The conclusions we have reached are summed up as
follows:
1. The finding of the Tribunal on charge No.iii is upheld.
2. The finding in respect of the charge No.v is
unsustainable.
3. The Commission is justified in holding that Clause 7 of
the Agreement is a restrictive trade practice within the
meaning of Clause (g) of Section 33(1) of M.R.T.P. Act
and it has the effect of distorting or restricting
competition. The direction of the Commission to amend
Clause 7 suitably is correct. Irrespective of the
termination of the Agreement between appellant and
R-2, the appellant should take steps to amend a similar
clause existing in other agreements of similar nature
with the dealers.
4. The Commission exceeded its jurisdiction in giving a
direction not to give effect to the letter terminating the
Agreement and to restore the supplies to the
complainant. Such a direction cannot be sustained in
the absence of a finding that the termination of
Agreement was contrary to the provisions of the Act or
it is a device to circumvent the provisions of the Act so
as to perpetuate the restrictive trade practice.
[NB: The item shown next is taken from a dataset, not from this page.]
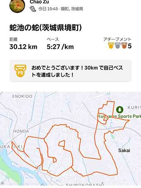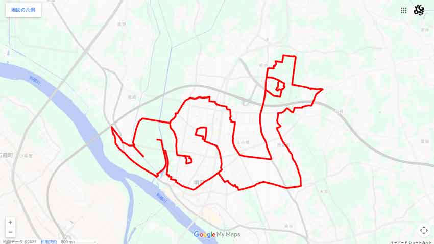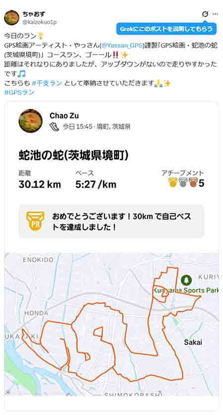A snake shaped GPS art around Jaike Pond, a Ibaraki’s spot associated with snakes, the animal of the Chinese zodiac.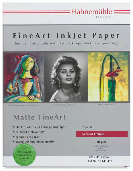 Hahnemühle German Etching Inkjet Paper is a 100% alpha-cellulose , velvety smooth, white etching board with a fine surface texture.

5. The ’cease and desist’ order passed under Section
37(1)(a) becomes otiose and inoperative in view of the
fact that the contract stands terminated. The remedy
of the complainant (R-2) is to pursue his claim for
compensation under Section 12-B for the loss suffered
by him on account of the restrictive trade practice
covered by charge No.iii.
The appeal is disposed of accordingly without costs.